Begin at the line containing "Фото акима г. Приозерска" in the entries below and end at the line containing "Особое внимание уделяется"; transcribe that range exactly and nothing outside it.

#### Extracted records
══════════
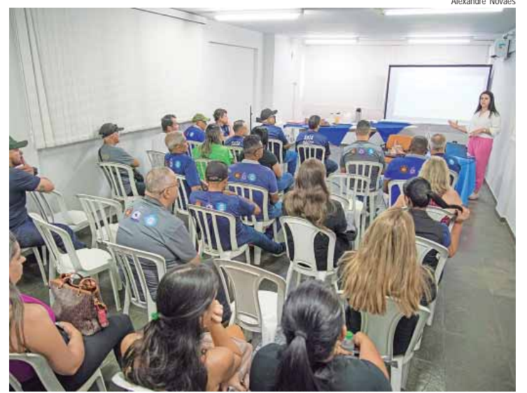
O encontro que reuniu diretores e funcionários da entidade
══════════
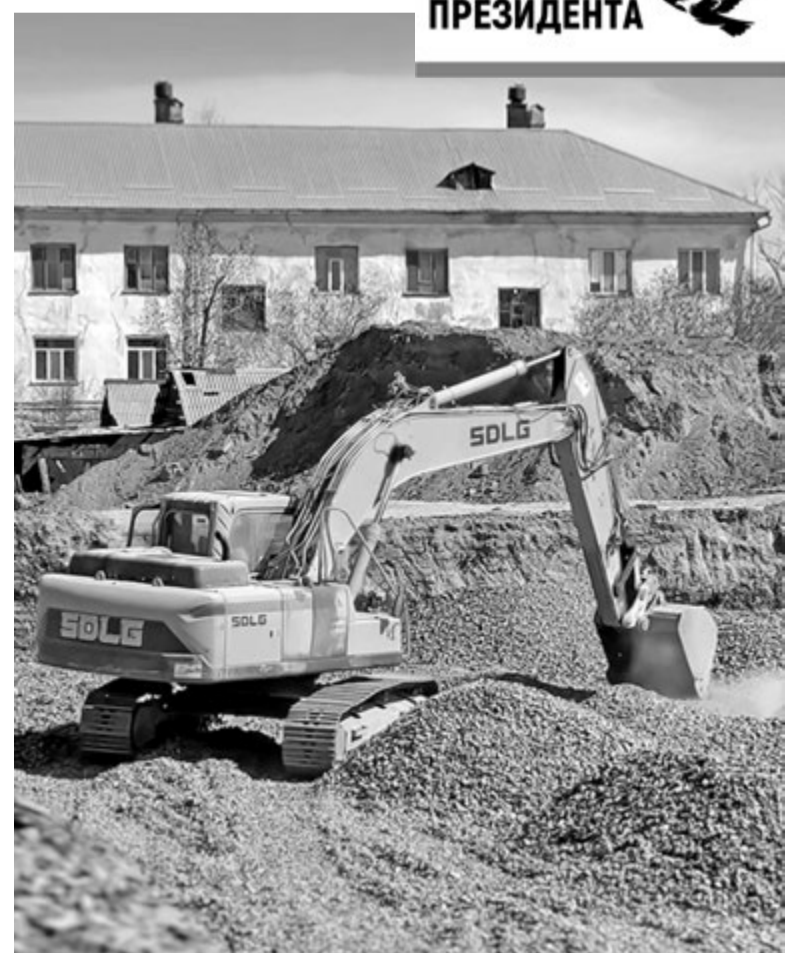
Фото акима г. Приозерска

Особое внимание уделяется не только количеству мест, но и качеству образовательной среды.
══════════
#### Answer below
Фото акима г. Приозерска

Особое внимание уделяется не только количеству мест, но и качеству образовательной среды.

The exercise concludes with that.